Leaning towards the window to look out at the French countryside, I watched trees flash by from the comfort of my seat on a train.  This was a TGV train, which is France’s high speed rail network, and one of the fastest (if not the fastest) in the world.  The plum colored seat in which I sat was a triumph of comfort, enhanced all the more by the smoothness of the ride.  I had a hard time believing that mere feet below me, the metal of train wheels rolled over the metal of train tracks to send me whizzing to Paris.  So smoothly did the train glide along its metal highway that I would easily have believed we were suspended in the air if someone had told me.

Here was my fancy TGV seat, complete with back-lit numbers.

Here is the train station in Nantes, getting ready to leave. To the right is a TGV train.

In Europe, you can get basically anywhere with nothing but your shoes and a plan.  Public transportation is good enough that, combined with walking, you are completely mobile.  As much as I love my car (Fantine) back home, and the freedom that comes with driving, there is also so much freedom in not having to deal with a car.  The train on which I flew across France was bringing me to Paris, for our first vacation.  During that week, I went from Nantes to Paris by train, after which I flew to Barcelona and then back to Nantes.

Of course, we’ve invented planes over in the United States too, so flying isn’t what’s amazing about their public transportation.  What’s wonderful is that wherever I have gone, I have been able to count on either public transportation, or walking to get everywhere I need.  For the long voyages, I love trains.  Perhaps I am overly romantic, but I just find them to be magical.

Traveling is about the land and the people, and connecting them in different ways.  A plane sterilizes that experience, disconnecting you from the land and sticking you with the disconnected stumps of two airports in two different places.  You’re left with the sensation that the two locations don’t connect in any way.  But a train links your start and your destination in a way a plane miles in the air cannot.  I don’t mean planes aren’t convenient, or that I’m going to renounce them for trains, boats, and unicycles.  However, I appreciate that in a train, I can watch the trees flash by and see that they’re all growing in the same dirt.

For traveling in cities, their metros, trams, and buses are great.  In Paris, the metro system is a bit complicated just because of the size of the city.  However, once you’ve been down there a few times, it really starts to make sense.  Of course you do have to put up with the fowl reek in the tunnels.  The Barcelona metro system is also under-ground, but theirs feels nothing like being in underground, smelly tunnels.  Instead, it feels like you’re just in a building, and it so happens that you can’t see any windows at the moment.  Having gone directly from Paris to Barcelona, the difference was even more exaggerated.

Paris Metro. Unfortunately, I can't communicate the smell with this picture. Or... fortunately.

Barcelona Metro. Much better smell than Paris.
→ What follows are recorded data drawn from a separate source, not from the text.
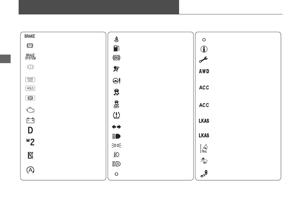 has started. If an indicator does not come on or turn off, there may be a malfunction in the corresponding system. To resolve the issue, follow the instructions in the
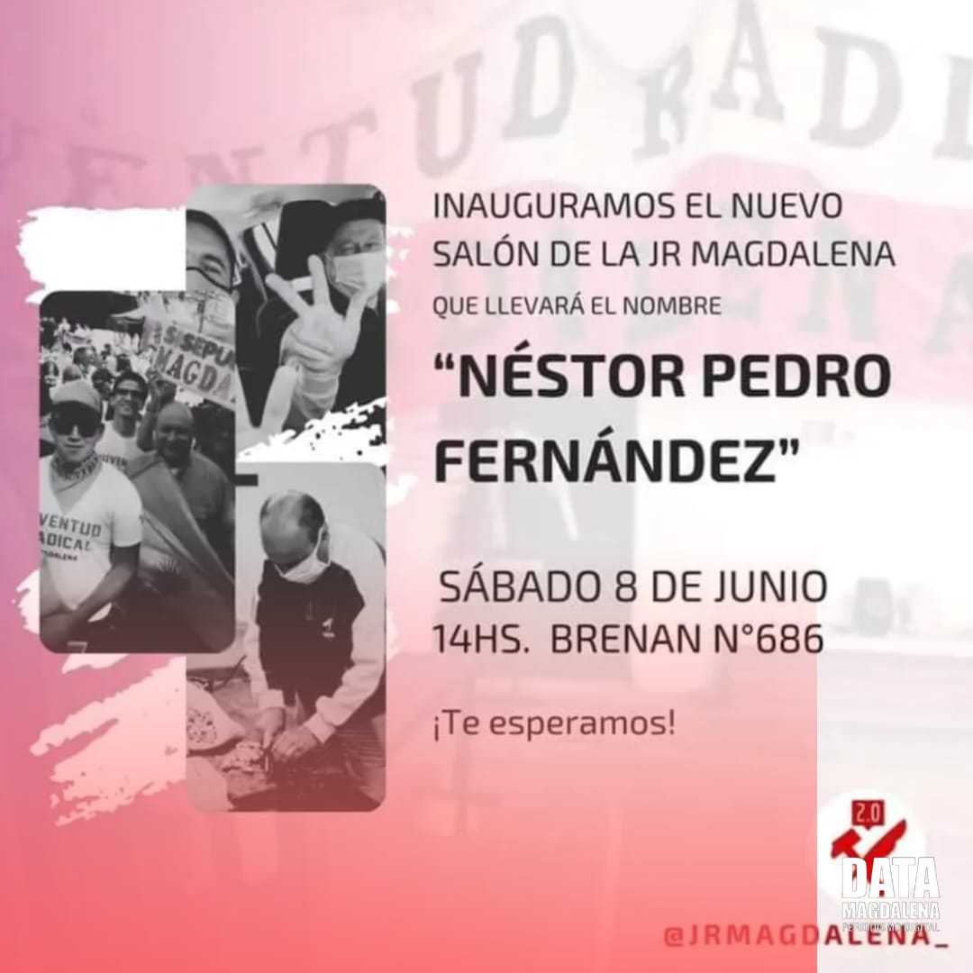 ๐Ÿ•˜ Las actividades iniciarán a las 10:30 hs con las acreditaciones de los participantes. A las 11:30 hs, Tamara Perrone, Presidenta de la Juventud Radical de Magdalena, junto al Intendente Municipal, Lisandro Hourcade, darán las palabras de bienvenida e inauguración de la jornada. Es un homenaje para los radicales nombraran la oficina en honor a Néstor Pedro Fernández, quien con su militancia y consejos formó a gran parte de los miembros de la actual Juventud de Magdalena.
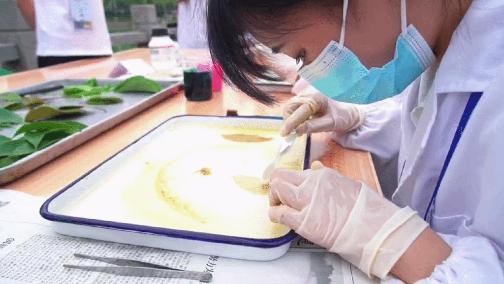 叶脉书签制作是除去表皮和叶肉组织,只由叶脉做成工艺品,通过刷叶、漂白、染色等工艺,启发同学们体会微小一叶中的大千世界。
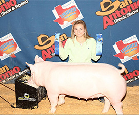 ![]() Class Winning Yorkshire Gilt 2017 San Antonio Stock Show - Jr. Show 3rd Overall 2017 San Antonio Stock Show - Open Show Sired by Trademark Bred by Dr. Mike Tripp |
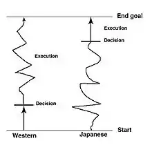 In western culture, businessmen often use their expertise to make a decision and then work out issues as they arise in execution. However, in Japanese culture businessmen focus on figuring out all details of a plan before making a decision, including factoring in input from individuals. This results in a smooth execution phase. Anyone choosing to go against the decision in its execution stage is perceived as ridiculous .

To a North Dakotan, public transportation is like the ocean:  an oddity seen in movies, or talked about by people who have gone on vacation to exotic places like the east coast.  There was a time when it scared me.  On my way to the airport in Minneapolis, I was a little overwhelmed.  With this in mind, I am proud to say that after Paris, Barcelona, and my time here in Nantes, I am completely used to taking buses and trams, checking schedules, and transferring at stops.

As comfortable as I am with the trams and busses in Nantes, I am actually using them less and less in favor of walking.  Part of this is to prevent all of the delicious, butter-based foods I’ve been eating from coming home with me.  Yet more importantly, Nantes is a very pedestrian friendly city.  Below is a picture of from downtown Nantes.  The stout metal pole in the middle of the road there is meant to ensure the rights of shoes above tires on certain streets.  Only authorized vehicles can lower the pole and drive there.
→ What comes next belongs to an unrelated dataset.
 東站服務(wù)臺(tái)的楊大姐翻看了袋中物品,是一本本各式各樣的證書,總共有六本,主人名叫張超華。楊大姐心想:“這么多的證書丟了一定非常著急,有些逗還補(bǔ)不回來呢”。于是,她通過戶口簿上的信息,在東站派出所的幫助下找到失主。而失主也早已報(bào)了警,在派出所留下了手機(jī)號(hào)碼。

In the middle of the road is the thing that stops cars from infringing on the rights of shoe-based transportation.

If for some reason, you don’t feel like using the rights that come with shoes, many cities have bike stations as part of the public transit system.  Admittedly, these can go pretty much everywhere shoes can, and are faster; so perhaps the bike is more powerful than the shoe.  But, in any case, as Nantes becomes more and more friendly to pedestrians, cars are displaced more and more from where they could once drive.  Bad if you’re using four tires.  Great if you’re getting around on two shoes.

Available bikes in Nantes.

 

 


2 Comments

  1. Yukako says:

    I am so happy to know that you like to take trains now. I remember when I suggested you to go to Chicago by train last semester, you didn’t like my idea. (But, train here is very slow and quite expensive)
    It’s so interesting reading your points. Can’t wait to see you soon, Eric!
    Enjoy rest of your time there :)

  2. Eric Halvorson says:

    That’s so true, I forgot about that! Now we will have train stories when I get back, which is very soon! It will be very good to see you too Yukako!